OneSSH Architecture

This document describes the overall OneSSH design, internal module boundaries, and end-to-end execution flow.

For threat model and security controls, see Security.

1. Design Goals

• Single master-password UX for encrypted host/user configuration.
• Git-friendly encrypted storage (ENC[...] fields in YAML).
• Memory-only runtime secret cache via local agent.
• Unified SSH operations (interactive onessh <alias>, exec, cp, test) over the same config model.
• Simple local namespacing model by default (agent socket/capability derived from parent shell PID for convenience, not as a strong same-UID security boundary).

2. High-Level Component Map

3. Repository Layout (Core Modules)

• cmd/onessh
  • Binary entrypoint, version/build wiring.
• internal/cli
  • Command definitions, option parsing, command orchestration.
  • Agent protocol integration and askpass fallback logic.
  • Batch execution orchestration (--all, --tag, --filter, --parallel).
• internal/store
  • Config encryption/decryption, YAML persistence, KDF/cipher handling.
  • Data validation and reset safety checks.
• internal/audit
  • Optional audit logging and rotation.

4. Data Model and Persistence

Store root (default): ~/.config/onessh/data

meta.yaml
users/<alias>.yaml
hosts/<alias>.yaml

• meta.yaml: KDF parameters + password verifier.
• users/*.yaml: reusable user profiles (name, auth).
• hosts/*.yaml: target hosts (host, user_ref, port, proxy_jump, env, pre_connect / post_connect hooks, tags).

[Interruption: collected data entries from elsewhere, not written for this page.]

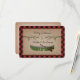 Un boda r.s.v.p. con un ilustracion de dos ramas de árboles de color verde y una canoa verde. El fondo es rojo y negro plateado. Personalice el texto.
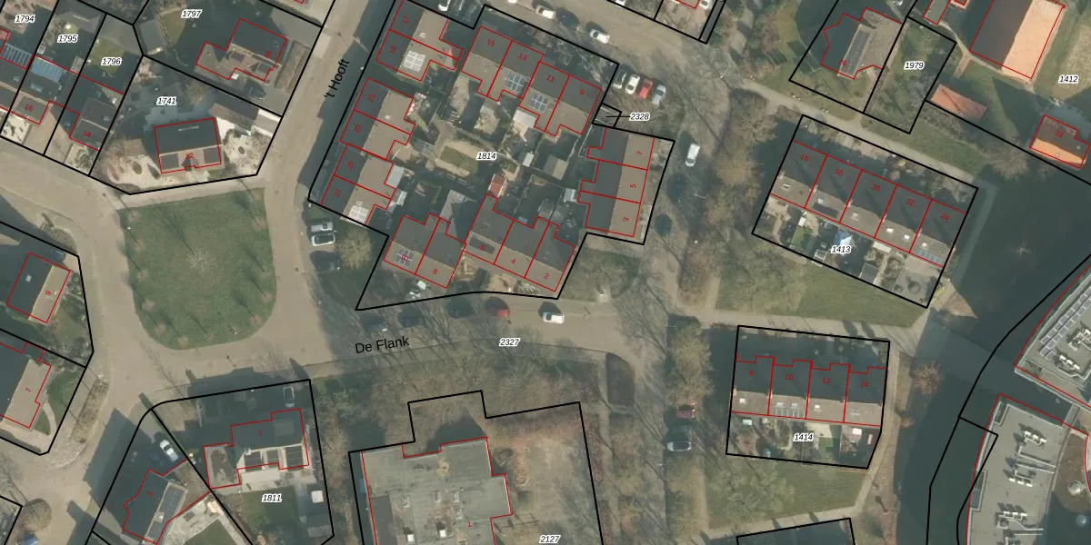 Het perceel waarop De Flank 2 staat heeft een oppervlakte van 2475 m². Dit is een zeer groot perceel. De perceeloppervlakte wordt geregistreerd door het Kadaster. Gedetailleerde informatie over de maten van dit perceel kunt u vinden in het rapport Kadastrale kaart met maatvoering van De Flank 2.
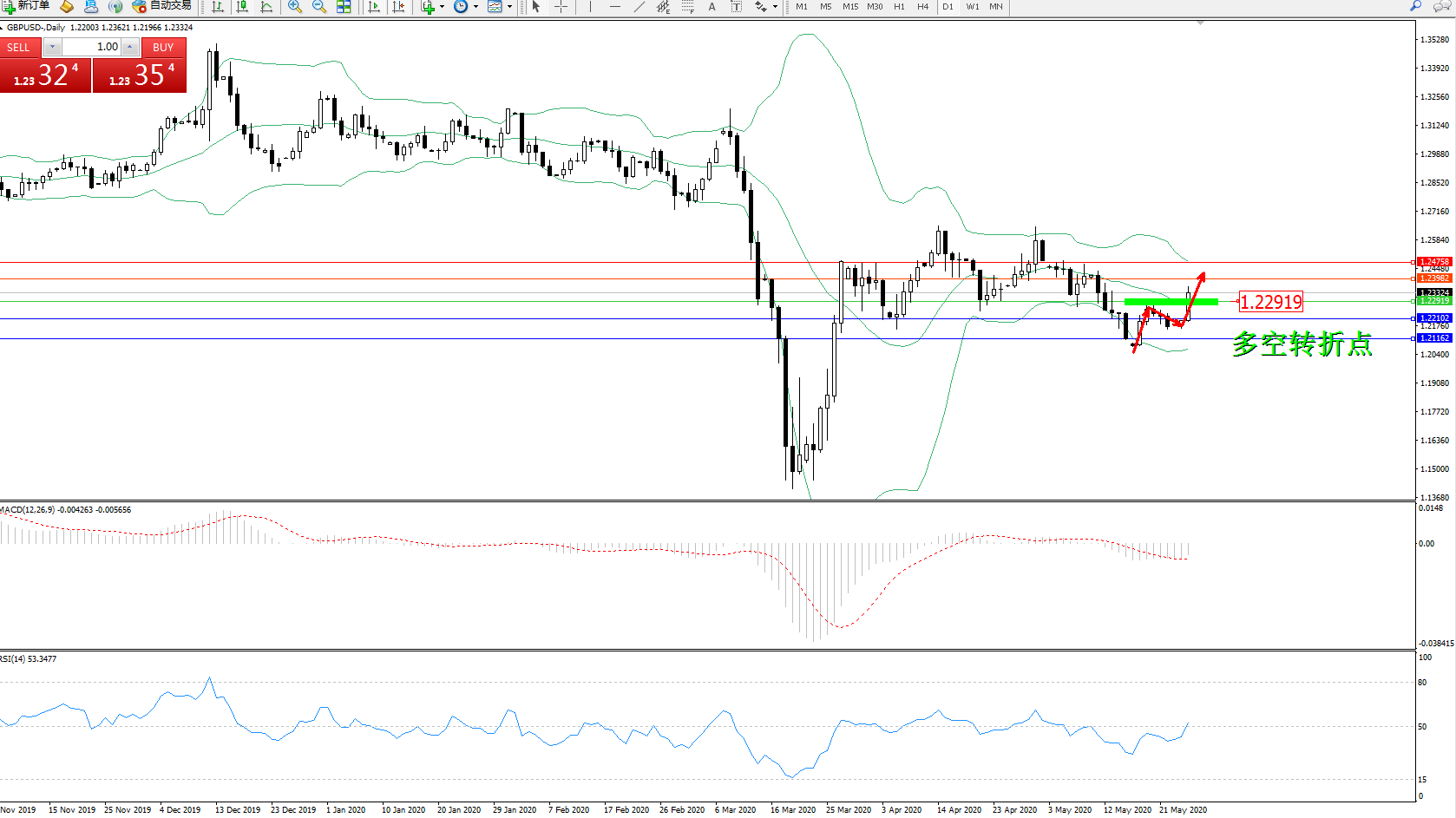 交易策略:1.22919上方看涨,目标1.239821.24758

Sensitive values are stored as encrypted payloads (ENC[...]), while file structure remains diff-friendly.

5. Runtime Context Resolution

For each command execution, OneSSH resolves runtime context in this order:

1. Parse CLI flags / environment variables.
2. Resolve data path.
3. Resolve agent socket:
   • explicit --agent-socket
   • ONESSH_AGENT_SOCKET / SHUSH_SOCKET
   • default socket derived from parent shell PID.
4. Resolve agent capability:
   • explicit --agent-capability
   • ONESSH_AGENT_CAPABILITY / SHUSH_CAPABILITY
   • default capability derived from uid + parent shell PID.
5. Build cache key namespace:
   • onessh:passphrase:v1:<canonical-data-path>.

6. Master Password and Cache Flow

Notes:

• Cache is in-memory only (agent process), not persisted to disk.
• Cache namespace is per data path, so different stores do not share passphrases accidentally.

7. Command Execution Architecture

Two broad command families:

1. Configuration commands
   • init, add, update, rm, user *, passwd, show, ls
   • Mainly operate on decrypted config model and write encrypted store back.
2. Remote operation commands
   • Root invocation onessh <alias> (interactive SSH; no connect subcommand), plus exec, cp, test
   • Resolve host + user profile, then invoke SSH transport adapters.

7.1 Remote operation pipeline

7.2 Batch execution model

• Filters produce a deterministic alias set.
• --parallel bounds goroutine worker concurrency.
• Per-host result buffers are collected and printed in stable order.
• Any host failure marks overall batch result as failed.

8. Agent and AskPass Integration

• Agent transport: Unix domain socket (shush).
• Access control layers:
  • peer UID verification (agent-side),
  • optional capability token validation.
• Askpass fallback:
  • register a short-lived, single-use token in agent,
  • helper resolves token at runtime,
  • cleanup removes token and temporary launcher script,
  • intended as a compatibility fallback, not as strong as the sshpass -d path.

9. Lifecycle and Cleanup

• logout: clear current store cache entry.
• logout --all: clear all OneSSH passphrase namespace entries.
• agent clear-all: clear all agent secrets/tokens.
• command-level cleanup wipes temporary secret buffers and short-lived artifacts where applicable.

10. Relationship with Security Document

• This file focuses on architecture and execution behavior.
• Security covers threat model, mitigations, and security limits.